● WORK INSTRUCTIONS
Starting at the first line of the entries below, restate each line exactly until you reach the line with "- Measure from", and print that one too. Leave the pictures out and stop there.

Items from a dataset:
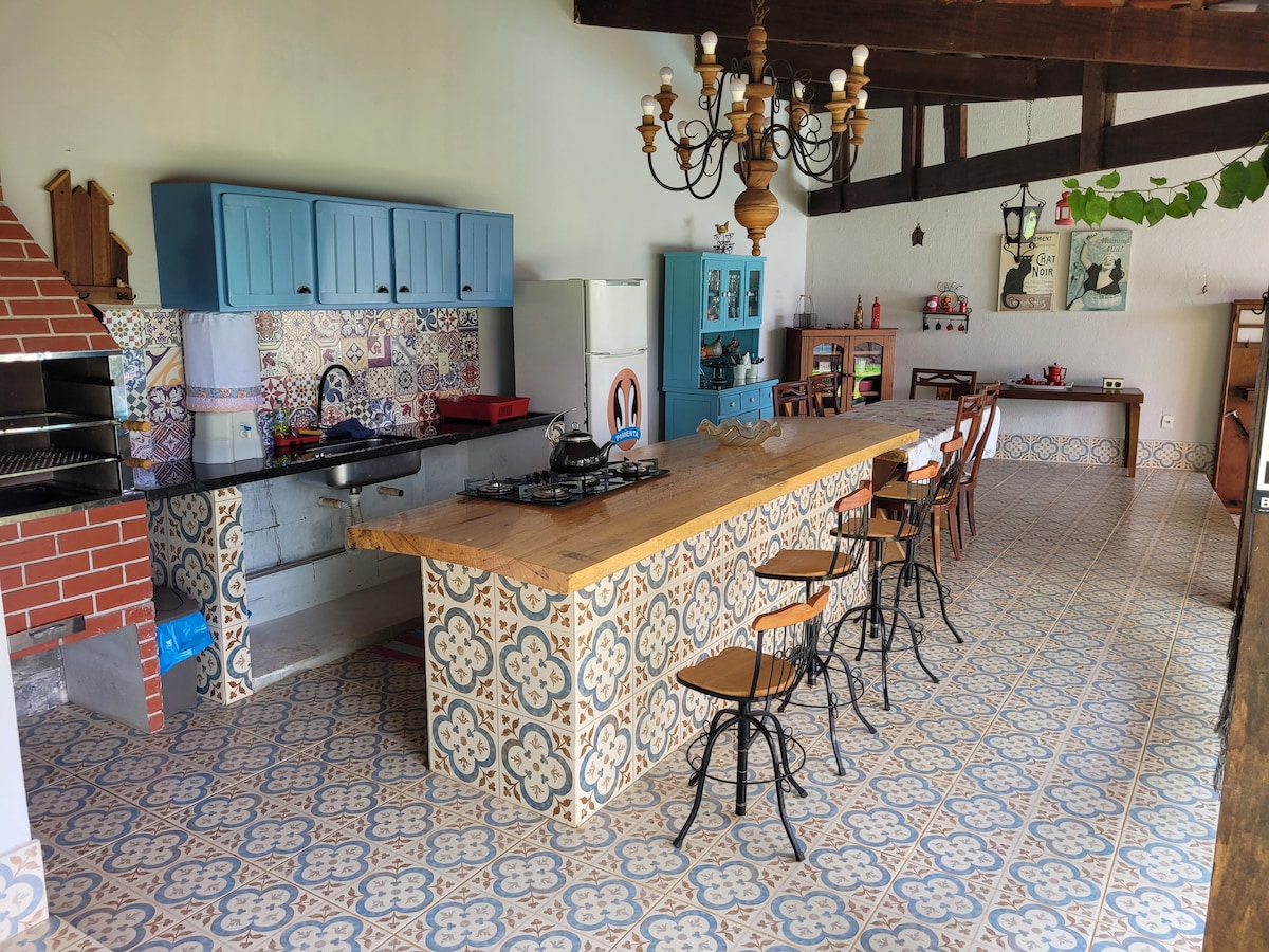 Planinska kuća na odličnoj lokaciji u centru Čapada dos Guimarães Sa velikim i udobnim balkonom, kuhinjom opremljenom svim osnovnim priborom, udobno primamo 8 osoba . Sve sobe imaju posteljinu .
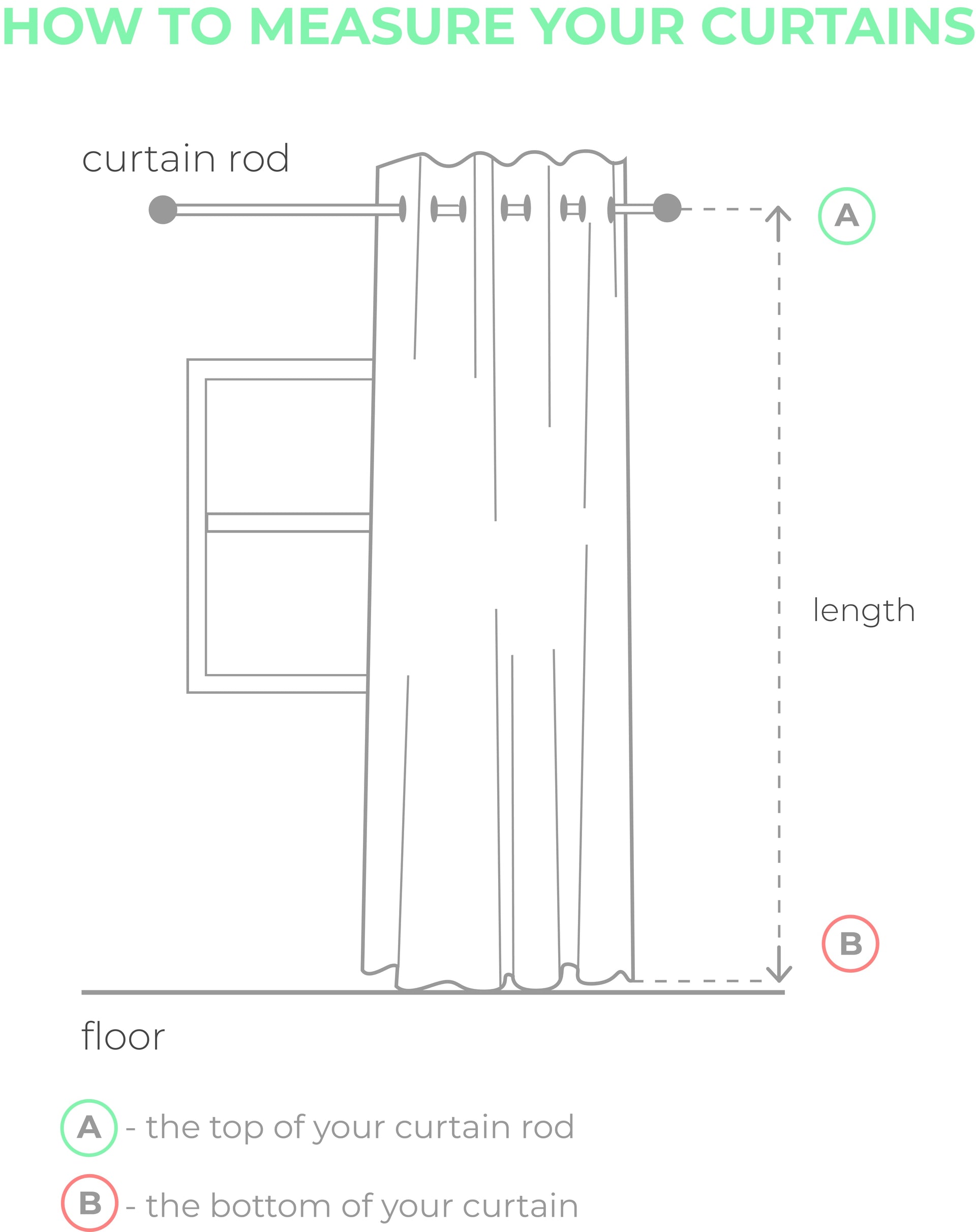 - Measure from the top of the curtain pole to the place where you wish to see the bottom of your curtain.
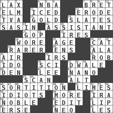 ACROSS 1. Not strict 4. Basketball assoc. 7. Cy Young winner Saberhagen 11. Shade tree 12. On the rocks 13. Wear away 14. Federal power corp. 15. Gilt 16. Chalkboards 17. Indian antelope 19. Aide 21. Republican Party 23. Angers 24. Had on 25. Mature 26. Domesticated feline 29. Less widely known 30. Followers of ems 31. Wing 32. Wind 33. Big collection agency 34. Director Reiner 35. Wedding promise 36. _-fi 37. A sleeping potion; an opiate (poet.) 40. Lair 41. Area sheltered from the wind 42. Billionth: prefix 43. Examine minutely or intensely 45. Keyboard modifier key 46. Determination 51. Citrus fruits 55. Foolish or stupid persons 56. Greater amount 58. Retirement account (abbr.) 59. Having high moral qualities 60. Prepare for publication 61. Mouth edge 62. Celtic language 63. Modern: prefix 64. French article DOWN 1. Allows 2. Inventor's middle name 3. Dec. holiday 4. Non-commissioned officer (abbr.) 5. Actor Lugosi 6. Does sums 7. Naughty children 8. Roll call or roster of names 9. Locale of original sin 10. Trial 12. Fail to notice 13. Otherwise 16. Titles for men of rank and authority 18. Russian composer Stravinsky 20. Signals 22. For each 24. Make _____ (do battle with) 25. Nest on high 26. Monte _, Las Vegas Hotel/Casino 27. _ vera 28. Bar bill 29. Travel on or in a vehicle 32. Help 33. Ancient Celtic tribe of eastern Britain 36. Narrow boards 37. Heredity factor (abbr.) 38. Place for singles 39. Against 43. Fur scarf 44. Quote 46. Trig term 47. Scent 48. Chest bones 49. Sign of something about to happen 50. Connecting point 52. Place where flour is made 53. One of the Great Lakes 54. Plant excrements 57. River (Sp.)
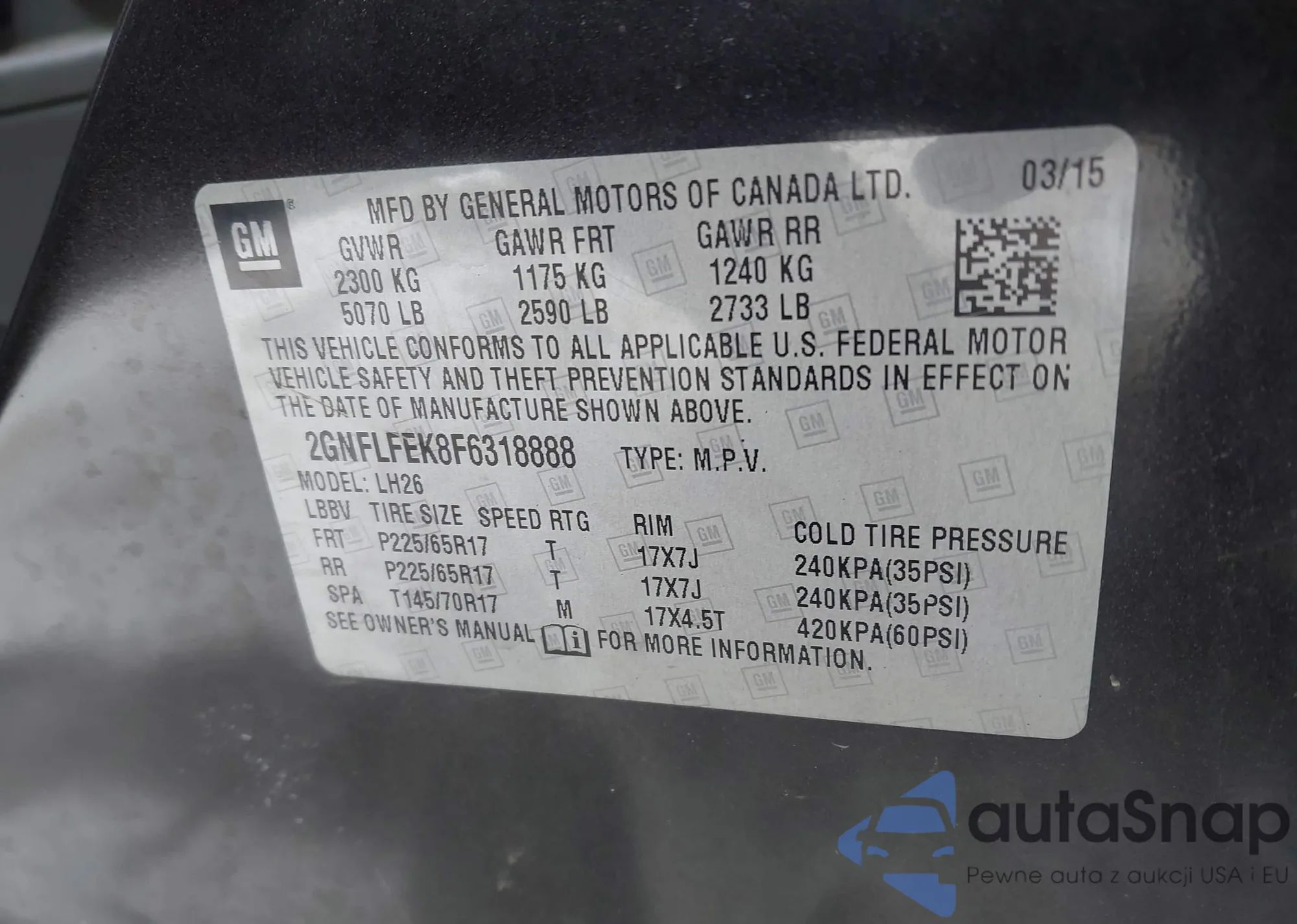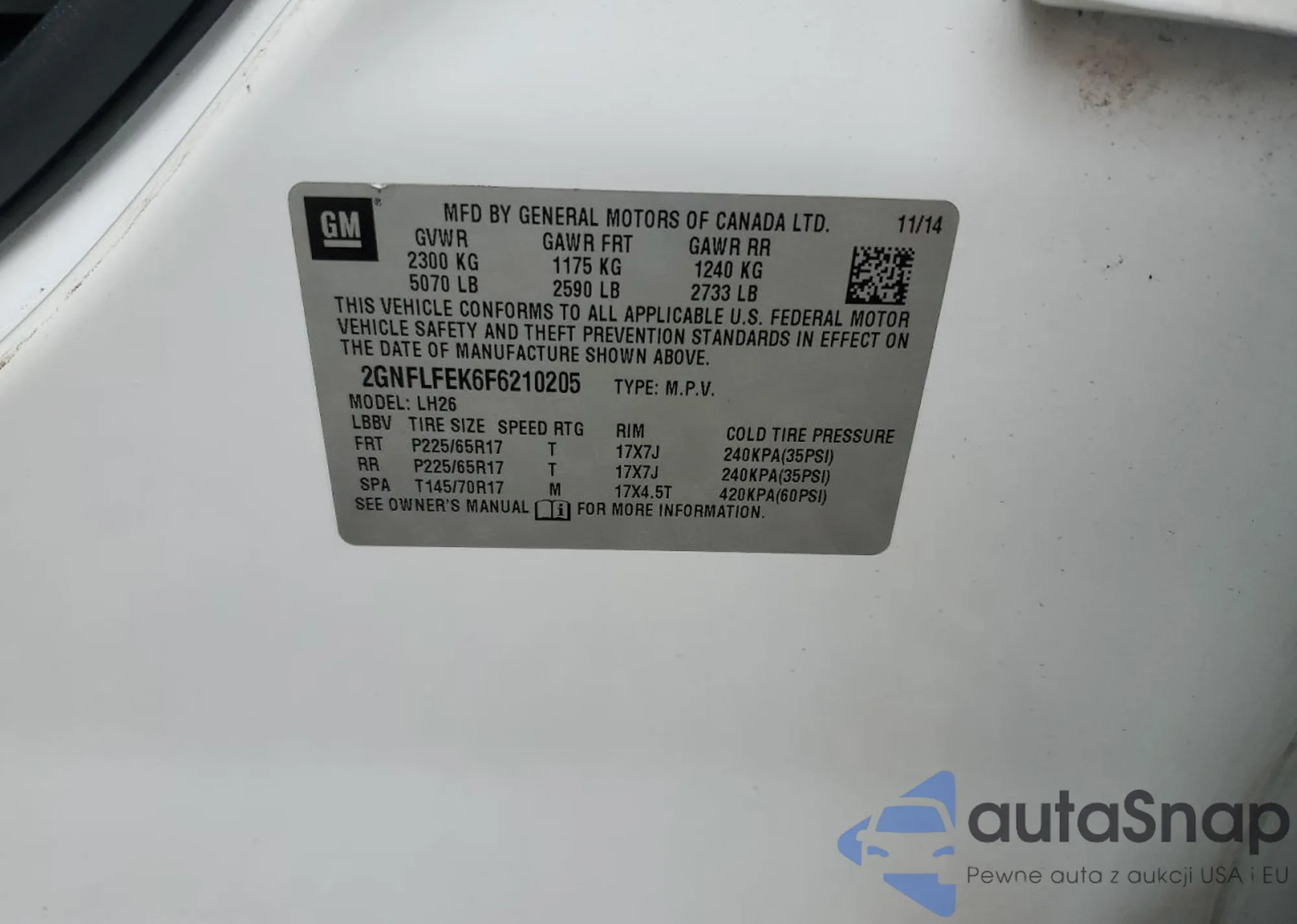 • VIN 2GNFLFEK6F6210205
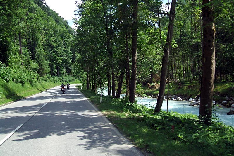 Den in einem Bericht im Wohnmobilforum erwähnten "Camp Tiha" in Šilo auf Krk wollen wir uns mal ansehen. Ob man da auch während der Hauptsaison so direkt am Wasser stehen kann, wie es auf dem Foto zu sehen ist? Aber zunächst müssen wir ja mal durch Österreich, und da gibt es natürlich mehrere Möglichkeiten. Unser TomTom schlägt die Tauernautobahn als schnellste Strecke vor. Nach dem Ausschließen der Autobahnen routet er über die Tauernstraße parallel zur A10, was gut 2 Stunden länger dauern soll. Wir entscheiden uns gegen die Autobahn und die Tunnel, weil wir Berge mögen und etwas von der Landschaft sehen wollen. Und davon finden wir in den nächsten Stunden reichlich, garniert mit traumhaften Straßen, die sich herrlich durch die Hügel schlängeln, so ganz nach unserem Geschmack. Das wäre was, hier mit dem Motorrad...
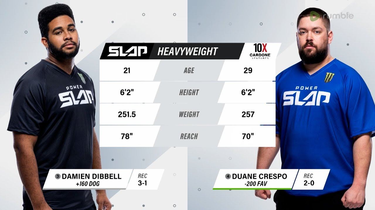 Don't miss Power Slap 2, May 24, on RUMBLE https://rumble.com/powerslap Relive Power Slap 1: Damien Dibbell vs Duane Crespo before Power Slap 2 airs May 24 exclusively on Rumble! ! Watch the Power Slap 2 live & free on RUMBLE http://bit.ly/3J7WHCr ‼️ Rumble is free on desktop, mobile and web at www.rumble.com, iOS, Android, Roku, AppleTV, FireTV, Android TV and LG TV. Live results: http://bit.ly/3FjKSIq Subscribe to get all the latest UFC content: https://ufc.ac/3u8FIJp Experience UFC live with UFC FIGHT PASS, the digital subscription service of the UFC. Visit https://ufcfightpass.com/ To order UFC Pay-Per-Views on ESPN+, visit https://ufc.ac/3NKBvmx (U.S. only) To order UFC Pay-Per-Views, visit http://welcome.ufcfightpass.com/#PPV (Non U.S.) Shop official UFC Gear, visit https://ufcstore.com Shop official UFC Memorabilia, visit https://ufccollectibles.com Shop official UFC VIP Live Event Experiences, visit https://ufc.ac/3Oz2gLH Connect with UFC online and on Social: Website: http://www.ufc.com Twitter: http://www.twitter.com/ufc Facebook: http://www.facebook.com/ufc Instagram: http://www.instagram.com/ufc Snapchat: UFC Twitch: https://www.twitch.tv/ufc Connect with UFC FIGHT PASS on Social: Twitter: http://www.twitter.com/ufcfightpass Facebook: http://www.facebook.com/ufcfightpass Instagram: http://www.instagram.com/ufcfightpass #UFC #PowerSlap #PowerSlap2 #DanaWhite
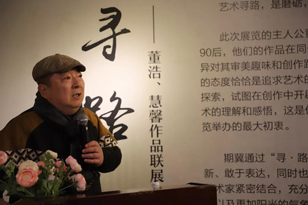 1月5日,“寻路”——董浩、慧馨艺术联展在新闻大厦艺术馆开幕。本次展览由北京商报《典藏周刊》和新闻大厦艺术馆联合主办,山和海艺术空间协办,石傲担纲策展人,呈现著名主持人、艺术家董浩与高徒慧馨两位艺术家四十余幅精品力作。
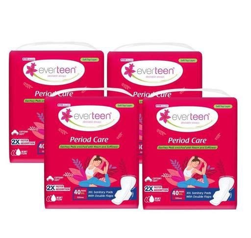 Name: Period Care XXL Soft 40 Sanitary Pads 320mm with Double Flaps enriched with Neem and Safflower - 4 Packs (40 Pads Each)
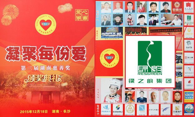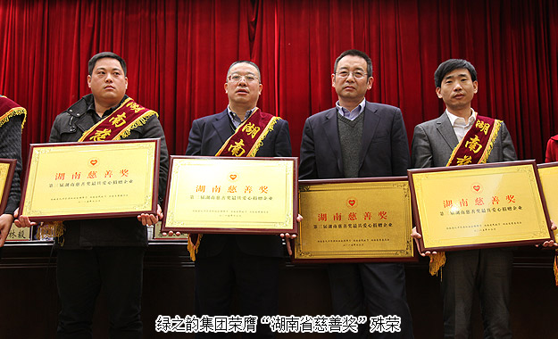 2015年12月18日上午,湖南省慈善總會(huì)第三次會(huì)員代表大會(huì)暨第三屆“湖南慈善獎(jiǎng)”表彰大會(huì)在長(zhǎng)沙舉行。中華慈善總會(huì)副會(huì)長(zhǎng)李宏塔,中華慈善總會(huì)秘書(shū)長(zhǎng)邊志偉,湖南省政協(xié)原主席、省慈善總會(huì)第二屆理事會(huì)會(huì)長(zhǎng)王克英,湖南省人民政府副省長(zhǎng)蔡振紅,湖南省人民政府副秘書(shū)長(zhǎng)王光明,湖南省民政廳廳長(zhǎng)、黨組書(shū)記、省社會(huì)組織黨工委書(shū)記段林毅,湖南省民政廳巡視員、省社會(huì)組織黨工委副書(shū)記李勁夫等出席會(huì)議。會(huì)上,因?yàn)樵诠娲壬剖聵I(yè)中做出的重大貢獻(xiàn),湖南省工商聯(lián)(總商會(huì))副會(huì)長(zhǎng)、湖南省光彩事業(yè)促進(jìn)會(huì)副會(huì)長(zhǎng)、長(zhǎng)沙光彩基金會(huì)理事長(zhǎng)、綠之韻集團(tuán)董事長(zhǎng)胡國(guó)安當(dāng)選湖南省慈善總會(huì)副會(huì)長(zhǎng);綠之韻集團(tuán)被湖南省人力資源和社會(huì)保障廳、省民政廳、省慈善總會(huì)聯(lián)合授予“湖南省慈善獎(jiǎng)最具愛(ài)心捐贈(zèng)企業(yè)”殊榮。
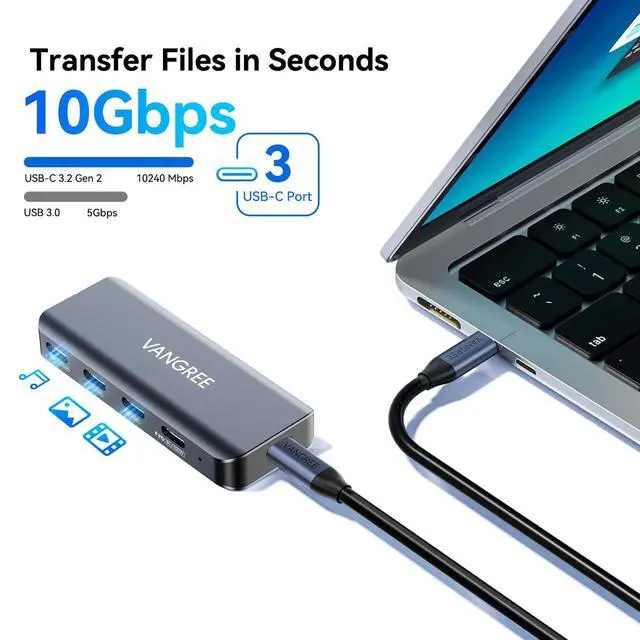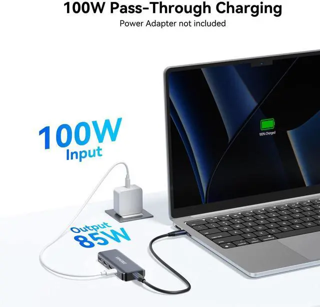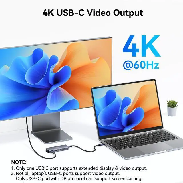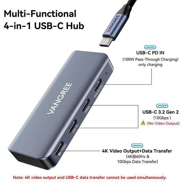 Get 1× 4K@60Hz USB-C video output port, 2× USB-C 3.0 10Gbps ports, 1× 100W PD pass-through charging port. Enhance your setup with this essential device that combines functionality with modern aesthetics.
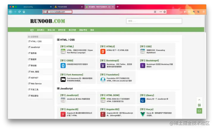 可以看到当访问 「菜鸟教程」这个站点时一点问题没有!那既然访问传输协议为 「https」的站点时会有这样的提示:此网站采用了 HTTP 严格传输安全(HSTS)机制,要求 Firefox 只能与其建立安全连接。正因如此,您也不能将此证书加入例外列表。
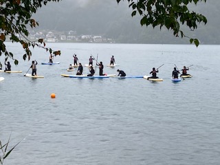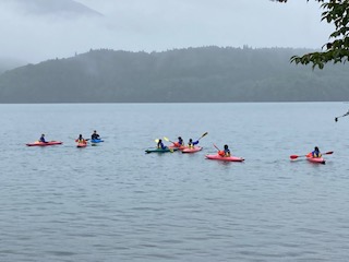 幸いにも雨が小降りになってきたようです。この写真はSUPとカヤックの体験をしているところです。静かな湖面で鳥の声も聞こえてきそうです。気持ちよさそう!
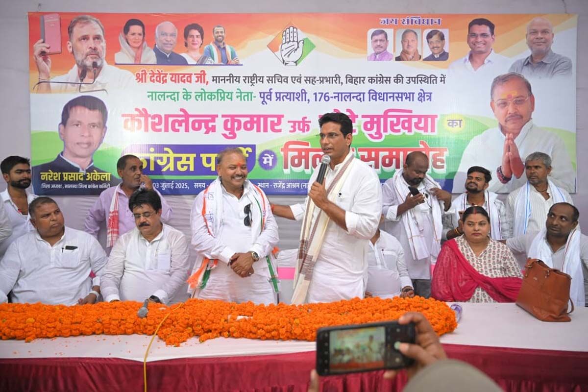 बिहार पहुंचे देवेंद्र यादव: सह प्रदेश प्रभारी के समक्ष नालंदा में भाजपा प्रत्याशी रहे छोटे मुखिया ने किया कांग्रेस प्रवेश
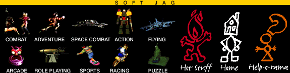 HOT STUFF | COMBAT | ADVENTURE | SPACE COMBAT | ACTION | FLYING | ARCADE ROLE PLAYING | SPORTS | RACING | PUZZLE | JAGWARE | ORDERING | HOME | HELP-O-RAMA

● WRITTEN SOLUTION
 Planinska kuća na odličnoj lokaciji u centru Čapada dos Guimarães Sa velikim i udobnim balkonom, kuhinjom opremljenom svim osnovnim priborom, udobno primamo 8 osoba . Sve sobe imaju posteljinu .
 - Measure from the top of the curtain pole to the place where you wish to see the bottom of your curtain.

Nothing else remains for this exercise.